Editör – 91
Barış içinde yaşamanın yolu, gerek tarihi iyi analiz etmekten gerekse günümüzdeki sosyo-politik gelişmeleri olabildiğince başarılı tarihsel analiz üzerinden okuyabilmek ve çözümleyebilmekten geçmektedir. Ancak “Tarih tekerrürden ibarettir.” diye boşuna söylenmemiş olacak ki; Yunanistan, aradan bu kadar süre geçmiş olmasına ve daha önce acı tecrübeler yaşamasına rağmen benzer bir maceraya girmek yönünde bugün tavır sergilemektedir. O dönemdeki başat aktörlerin bazıları bugün mevcut kadroda yer almasa da, bu kez başkaları vekâlet savaşlarını yürütme çabası içerisinde.
Uzun yıllar boyunca diyalog eksikliği ve Yunanistan’ın tek taraflı hamleleri nedeniyle çıkmaza giren konular, bugün yeniden su yüzüne çıkmış durumda. Özellikle, tarihin iki ülke arasında yarattığı güvensizlik, sorunların çözülememesinin temel nedenlerinden birini oluşturmaktadır.
Yıllardır Türkiye’den gelecek bir tehdit algılaması içinde olan Yunanistan, Türkiye’nin barışçıl politikalarına rağmen agresif bir tavır sergilemektedir. Megali İdea’yı gerçekleştirmek üzere yayılmacı bir siyaset izleyen Yunanistan, söz konusu tarihî emellerini, kurulduğu günden bu yana gerçekleştirme hayali ile mevcut siyasetini yönlendirmektedir. Avrupa ve ABD’nin kayıtsız şartsız desteğini arkasında hissettiğinden, Ege Denizi ve Kıbrıs başta olmak üzere Türkiye ile arasındaki tüm sorunları AB ve BM gibi uluslararası platformlara taşıma amacını sürdüren Yunanistan, Türkiye ile ikili diyalogdan kaçarak, sorunların çözümüne yönelik bir adım atmamaktadır.
Yunanistan’da ekonomik krizin de etkisiyle özellikle son 10 yılda yaşanan siyasi istikrarsızlık, Türk-Yunan ilişkilerini Yunan iç siyasetinde araçsallaştırmış durumda. Özellikle ideolojik olarak birbiriyle ayrı uçlarda bulunan benzeşmez partilerin dahi Ege Adaları konusundaki duruşları çok önemli ortak noktalar barındırırken, siyasi stratejileri açısından bunu, sorun olarak görmemektedirler.
Yunanistan, kendisi gibi NATO üyesi olan Türkiye’nin, Yunan Devleti veya halkı için bir tehdit teşkil etmediğini artık anlamak zorundadır.
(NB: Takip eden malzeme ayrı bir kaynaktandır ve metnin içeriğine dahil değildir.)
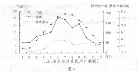 图4是某地气温、降水、潜水水位(潜水面海拔)年内变化图。读图回答8-9题。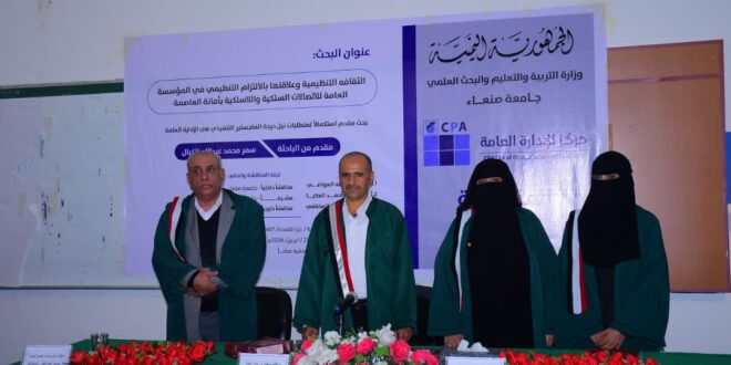 وشهدت قاعة مركز الإدارة العامة بجامعة صنعاء صباح اليوم الخميس المناقشة العلنية لرسالة الماجستير بعنوان “الثقافة التنظيمية وعلاقتها بالالتزام التنظيمي في المؤسسة العامة للاتصالات السلكية واللاسلكية بأمانة العاصمة صنعاء” كبحث مقدم استكمالاً لمتطلبات نيل درجة الماجستير التنفيذية في الإدارة العامة مقدمة من الباحثة سمر محمد عبدالله الكيال.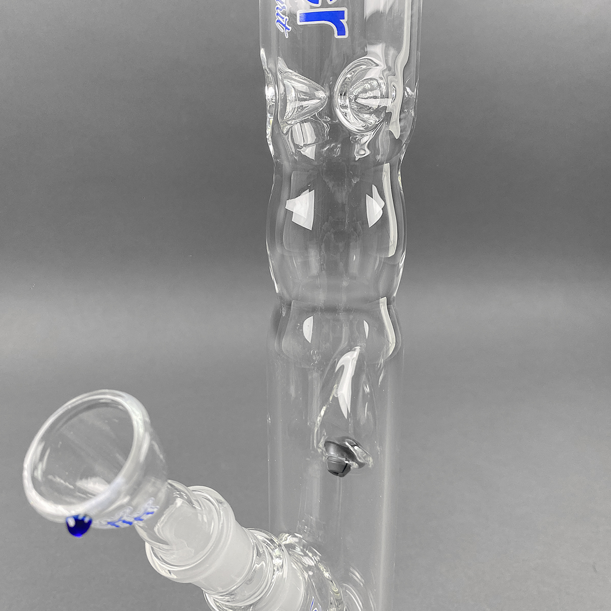 Das gewellte Zugrohr dieser Bong ist nicht nur ein stilvolles Designelement, sondern sorgt auch für ein angenehmes Raucherlebnis. Ausgestattet mit Eiskerben, kannst du ganz einfach Eiswürfel hinzufügen, um den Rauch zu kühlen und die Züge besonders sanft zu gestalten. Das Kickloch mit Stopfen ermöglicht dir individuelle Kontrolle über deinen Zug, sodass du das Rauchen ganz nach deinen Vorlieben anpassen kannst. Zudem ist die „Lasurit“ mit einem Schlitz-Diffusor mit einer Länge von 11 cm ausgestattet, der für eine optimale Filtration und Kühlung des Rauches sorgt. Die zwei 18,8 mm Präzisionsschliffe gewährleisten, dass alles passgenau sitzt und die Bong maximal leistungsfähig ist.

Elbette ki bu anlayışı hâkim kılmak kolay olmayacaktır. Karşılıklı atılacak eş zamanlı adımlarla büyük ilerlemeler kaydedilebilir. Türk-Yunan dostluğunun geliştirilmesi, her iki ülke için de Akdeniz’de ve hatta daha geniş coğrafyalarda son derece kazançlı iş birliklerini getirecektir. Buradan temennimiz, Yunanistan’ın aklı-ı selim bir şekilde hareket etmesidir. Tarih boyunca milletimiz bu zorlu coğrafyada bekasını korumak için nasıl hareket ettiyse, Ege Denizi ve Doğu Akdeniz başta olmak üzere tüm konularda da hakkını ve hukukunu devletiyle, milletiyle el ele vererek mücadeleye devam edecektir.
“Türk ve Yunan İlişkileri” konusunu farklı yönleriyle kapsamlı olarak dosya konusu yaptığımız bu özel sayımızda, birbirinden değerli makaleleri siz okuyucularımızla buluşturuyoruz. Konuyla ilgili olarak bu sayımızda, T.C. Dışişleri Bakan Yardımcısı Sayın Yavuz Selim KIRAN ile bir röportaj gerçekleştirdik. Gençlerin de söz sahibi olduğu dergimizde, konumuzla ilgili olarak her sayıda olduğu gibi onların da fikirlerine yer verdik. Bu sayımızda da bir film ve kitap tanıtarak sizlere önerilerde bulunduk. Yeni sayımızın düşünce iklimimizi zenginleştirmesini, fikir dünyamıza yeni değerler katmasını ve yol gösterici olmasını temenni eder, sizlere keyifli ve bilinçli okumalar dileriz.